§ DIRECTIONS FOR THIS TASK
Set down the entries that follow exactly as written, leaving out any images.

§ MATERIAL SUPPLIED
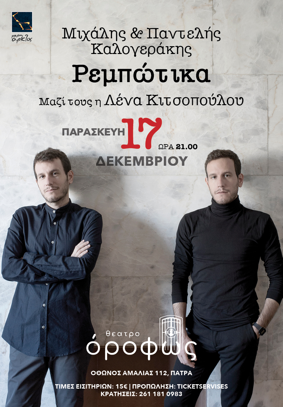 Ρεμπώτικα: οι Μιχάλης & Παντελής Καλογεράκης προτείνουν τη δημιουργική συνύπαρξη του ρεμπέτικου κόσμου του Ρεμπώ με τον ποιητικό κόσμο του ρεμπέτικου.
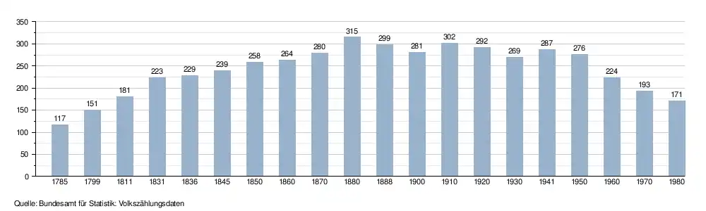 - ↑ a b Daten der Eidgenössischen Volkszählungen ab 1850 nach Gemeinden. (XLSX; 10 MB) Bundesamt für Statistik, Neuchâtel, 12. Juli 2024, abgerufen am 12. September 2025 (Öffnung in Excel nur über "Anhang/Excel-Datensatz" möglich).
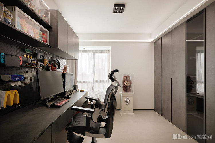 喜欢简约大气的效果,需要一个双人位的电脑办公区,要多多的储物空间
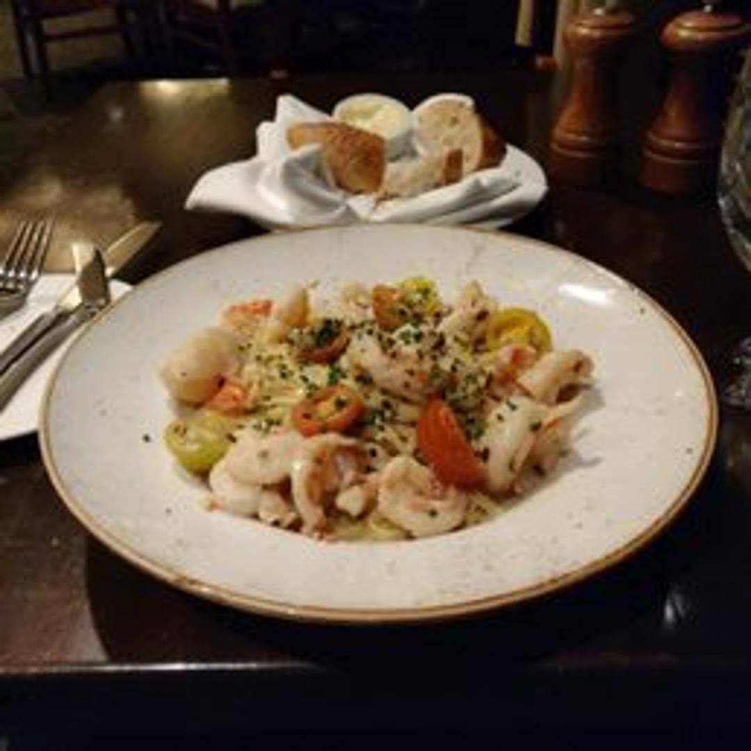 Sautéed shrimp in a garlic butter sauce, served over linguine pasta. Garnished with fresh parsley and Parmesan cheese.
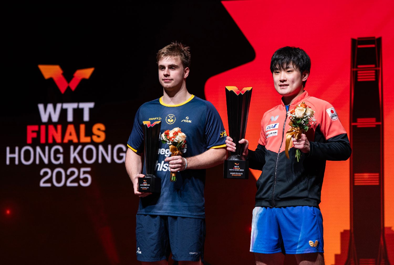 当地时间12月14日晚,世界乒乓球职业大联盟(WTT)香港总决赛在香港体育馆收官。在男单决赛中,日本选手张本智和4:2战胜瑞典选手莫雷加德,获得冠军。图为张本智和(右)和莫雷加德在颁奖仪式上合影。(图/中新社)

§ WRITTEN REPLY
 Ρεμπώτικα: οι Μιχάλης & Παντελής Καλογεράκης προτείνουν τη δημιουργική συνύπαρξη του ρεμπέτικου κόσμου του Ρεμπώ με τον ποιητικό κόσμο του ρεμπέτικου.
 - ↑ a b Daten der Eidgenössischen Volkszählungen ab 1850 nach Gemeinden. (XLSX; 10 MB) Bundesamt für Statistik, Neuchâtel, 12. Juli 2024, abgerufen am 12. September 2025 (Öffnung in Excel nur über "Anhang/Excel-Datensatz" möglich).
 喜欢简约大气的效果,需要一个双人位的电脑办公区,要多多的储物空间
 Sautéed shrimp in a garlic butter sauce, served over linguine pasta. Garnished with fresh parsley and Parmesan cheese.
 当地时间12月14日晚,世界乒乓球职业大联盟(WTT)香港总决赛在香港体育馆收官。在男单决赛中,日本选手张本智和4:2战胜瑞典选手莫雷加德,获得冠军。图为张本智和(右)和莫雷加德在颁奖仪式上合影。(图/中新社)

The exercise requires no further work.